Open utterances-bot opened 3 years ago

utterances-bot commented 3 years ago

Classifying documents without any training data - Max Halford

I recently watched a lecture by Adam Tauman Kalai on stereotype bias in text data. The lecture is very good, but something that had nothing to do with the lecture’s main topic caught my intention. At 19:20, Adam explains that word embeddings can be used to classify documents when no labeled training data is available. Note that in this article I’ll be using word embeddings and word vectors interchangeably. The idea is to exploit the fact that document labels are often textual.
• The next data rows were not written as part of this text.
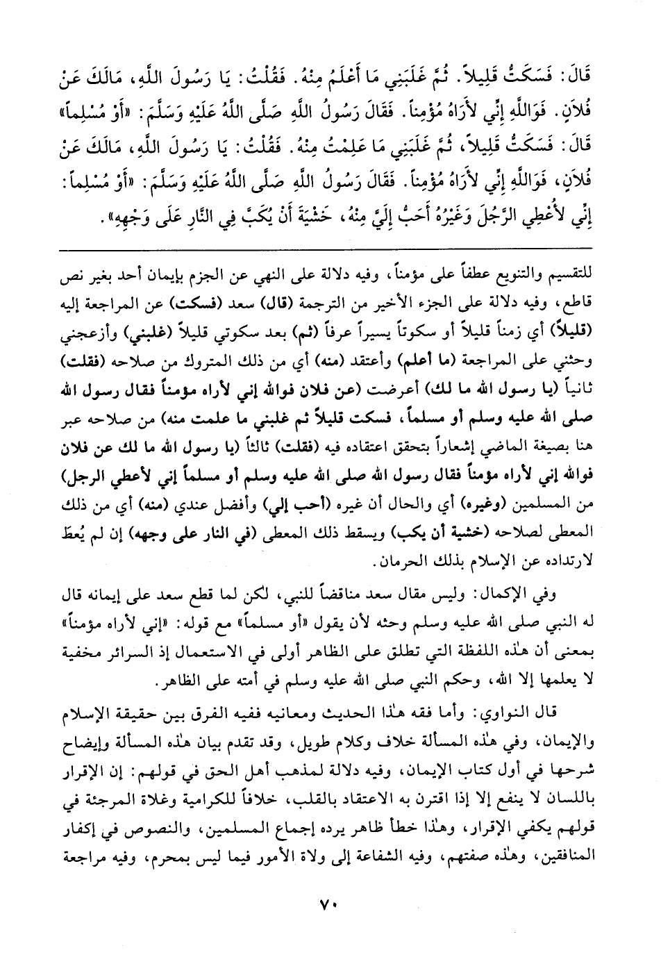 قَال: فَسَكَت قَلِيلًا. ثُم غَلَبَنِي مَا أَعلَمُ مِنْهُ. فَقُلْتُ: يَا رَسُولَ اللهِ، مَا لكَ عَنْ فُلانٍ. فَوَاللهِ إِني لأرَاهُ مُؤمِنًا. فَقَال رَسُولُ اللهِ - صلى الله عليه وسلم -: "أَو مُسْلِمًا" قَال: فَسَكَت قَلِيلًا، ثُمَّ غَلَبَنِي مَا عَلِمْتُ مِنْهُ. فَقُلْتُ: يَا رَسُولَ اللهِ، مَا لكَ عَنْ فُلانِ، فَوَاللهِ إِني لأرَاهُ مُؤْمِنًا. فَقَال رَسُولُ اللهِ - صلى الله عليه وسلم -: "أَوْ مُسْلِمًا: إِنِّي لأُعْطِي الرَّجُلَ وَغَيرُهُ أَحَبُّ إِليَّ مِنْهُ، خَشْيَةَ أَنْ يُكَبَّ في النَّارِ عَلَى وَجْهِهِ"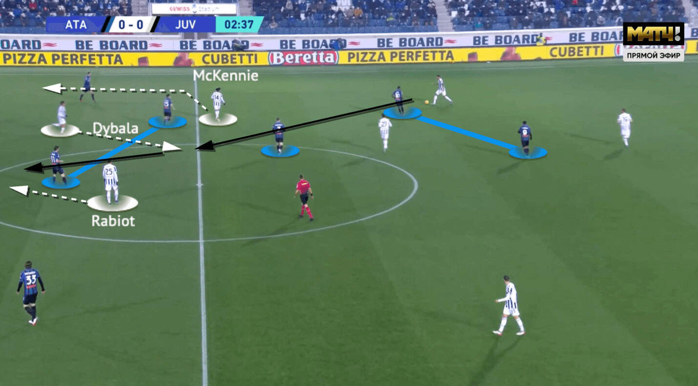 This scenario shows McKennie never expect the ball to his feet in the centre, and he smartly ran forward to draw de Roon away, allowing Dybala to receive in that space. Then, after the pass was made, Rabiot moved into spaces behind Freuler to give Dybala a progressive option. Just two or three passes with decoy movements off the ball, Juventus advanced the attack to the offensive third very quickly.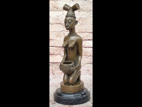 Mounted on a round black marble base for stability and elegance, this sculpture is signed by artist Milo. It’s an ideal choice for collectors or as a meaningful tribute to the universal themes of motherhood, fertility, and heritage in African culture.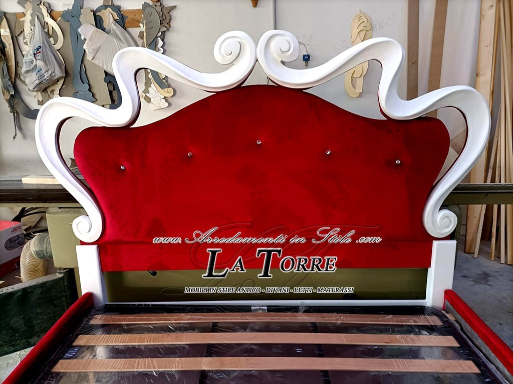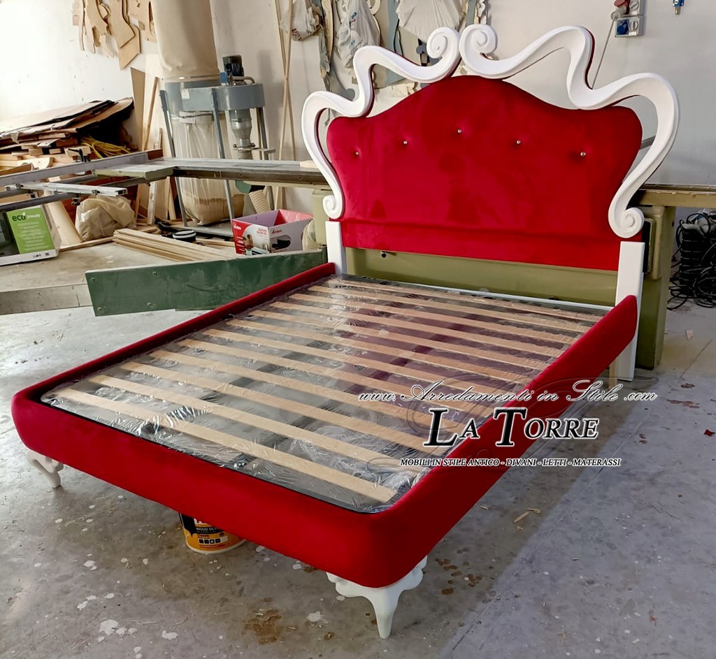 Letto una piazza e mezza contenitore Barocco velluto o ecopelle rosso struttura bianca Mary, caratterizzato da una testiera sontuosa e imponente, rivestita in un ricco velluto rosso intenso, trapuntato con bottoni per un effetto capitonné che aggiunge profondità e raffinatezza. La testiera è delineata da una cornice sinuosa e voluttuosa, rifinita in una tonalità in laccatura bianca che crea un contrasto audace e affascinante con il rosso scarlatto. Anche la pediera e i bordi laterali del giroletto sono rivestiti nello stesso prezioso velluto rosso, conferendo continuità e un senso di opulenza all'intera struttura. I piedini curvi, anch'essi rifiniti nella stessa tonalità chiara della cornice, riprendono le forme sinuose tipiche del Barocco, aggiungendo un tocco di leggerezza e grazia a un mobile altrimenti imponente.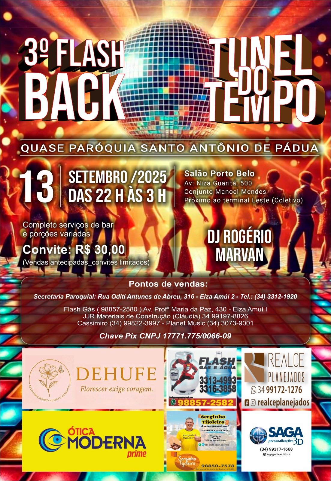 A comunidade católica de Uberaba e região se prepara para uma noite especial: a terceira edição do Flashback - Túnel do Tempo", um evento beneficente que promete reviver os sucessos das décadas passadas em clima de muita fraternidade e alegria. A festa acontece no dia 13 de setembro, das 22h às 3h, no Salão Porto Belo, localizado na Av. Niza Guaritá, 500, no Conjunto Manoel Mendes.
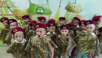 В детском саду на оккупированном Запорожье украинских детей нарядили в десантные береты и камуфляж и заставили поздравлять российский спецназ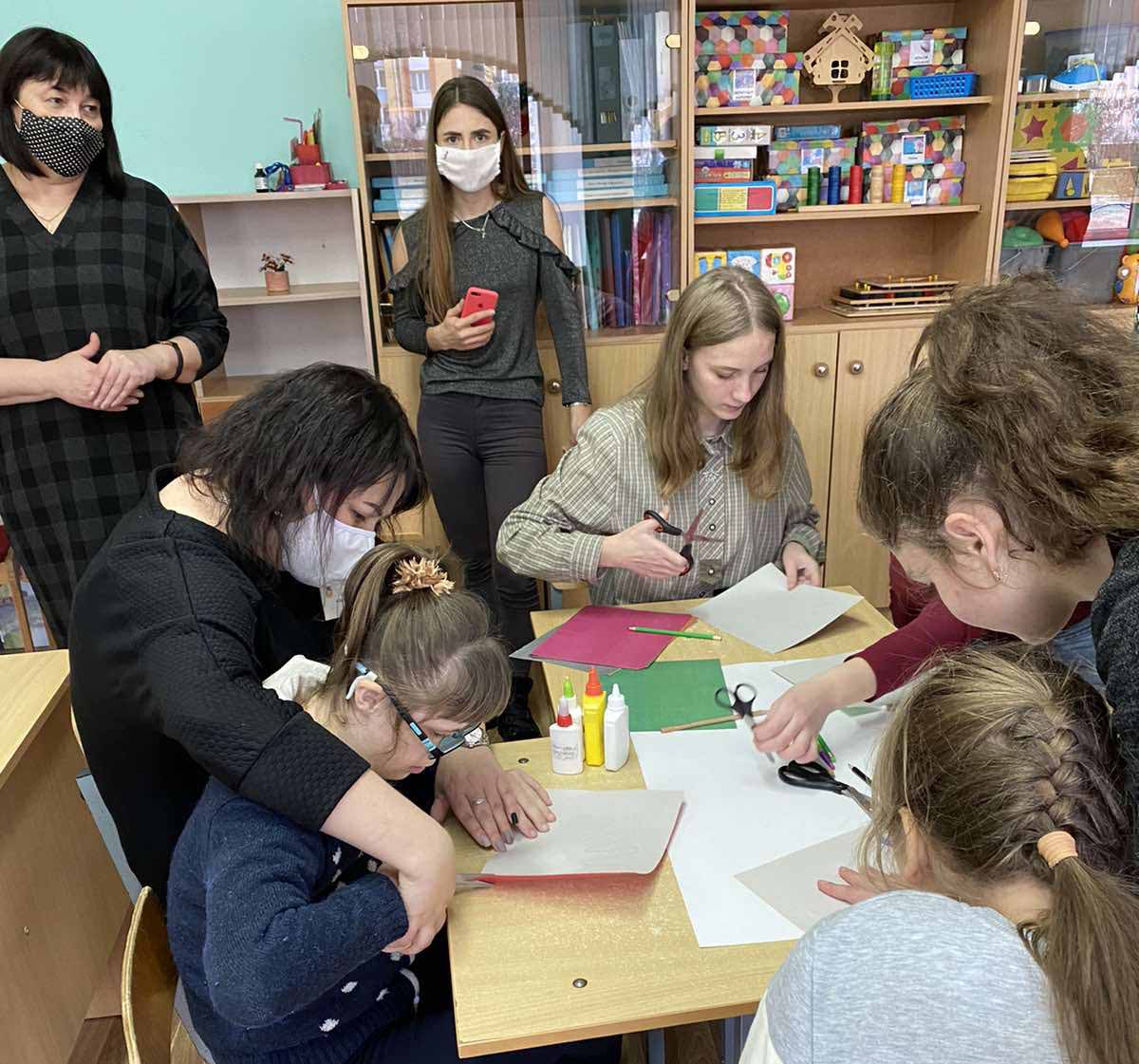 Специалисты управления приняли участие в мероприятии по изготовлению детьми вместе с волонтерами из Лельчицкой районной гимназии цветных аппликаций.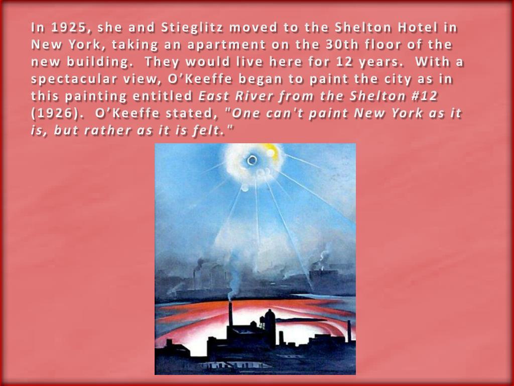 In 1925, she and Stieglitz moved to the Shelton Hotel in New York, taking an apartment on the 30th floor of the new building. They would live here for 12 years. With a spectacular view, O’Keeffe began to paint the city as in this painting entitled East River from the Shelton #12 (1926). O’Keeffe stated, "One can't paint New York as it is, but rather as it is felt."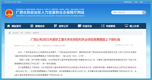 中工网讯 据广西壮族自治区人力资源和社会保障厅网站消息,近日,广西壮族自治区人力资源和社会保障厅、广西壮族自治区财政厅、国家税务总局广西壮族自治区税务局联合印发《关于公布2021年度职工基本养老保险和失业保险缴费基数上下限标准的通知》(桂人社发〔2021〕117号)。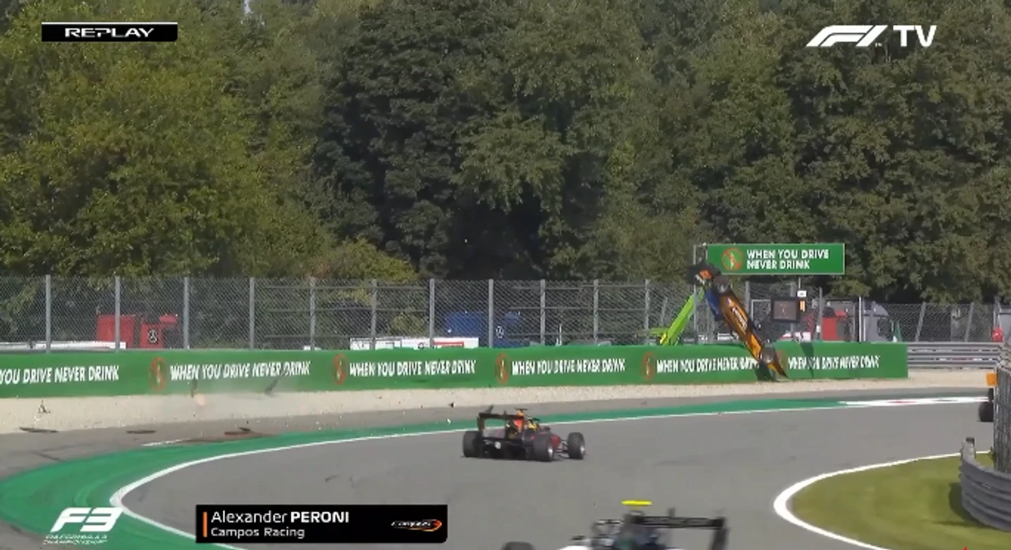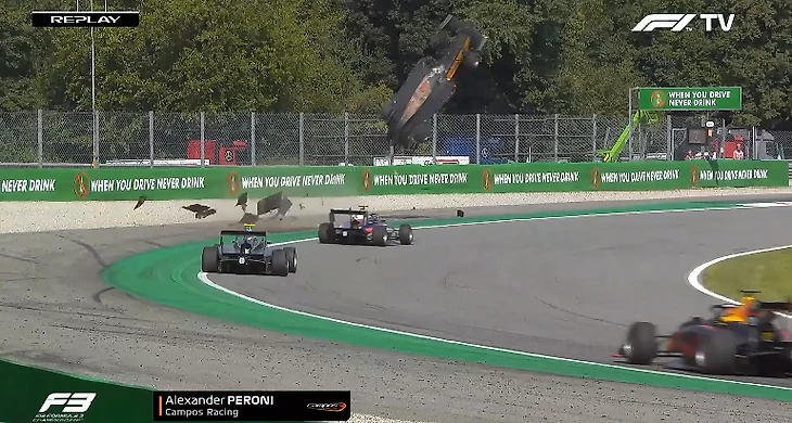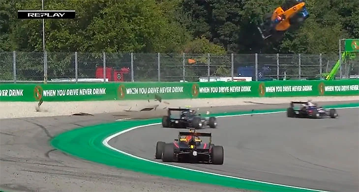 Сумасшедшая авария в «Формуле-3»: машина взлетела на несколько метров и упорхнула в барьеры

https://maxhalford.github.io/blog/document-classification/

david26694 commented 3 years ago

A similar application is doing NER using word embeddings. If you have to identify the entities person, place and organisation, you can do the following: For each entity, take some examples that you can think of (I don't think the list needs to be very large, but think about some names of people, some places and some organisations) and compute the centroid of the embeddings of these words.

Now you have a word vector representing person, another one representing place and a third one representing organisation. For each word in your corpus, you take its embedding and compute the similarity with each entity vector. If it's very similar to one of them, you can classify that as an entity of that kind.

It's very similar to what you just described, but applied to NER instead of document classification.

MaxHalford commented 3 years ago

Thanks @david26694, that makes a lot of sense! As I mentioned, I'm not very well-versed in NLP, so I'm probably pushing at open doors. But then again it is rewarding to find out about these things by myself.

From what can I tell, the manner in which the winning solutions to the Google Landmark Recognition challenge is somewhat related. Essentially, they use pre-trained neural networks to extract embeddings from images, and then use a nearest neighbours approach to match images with each other.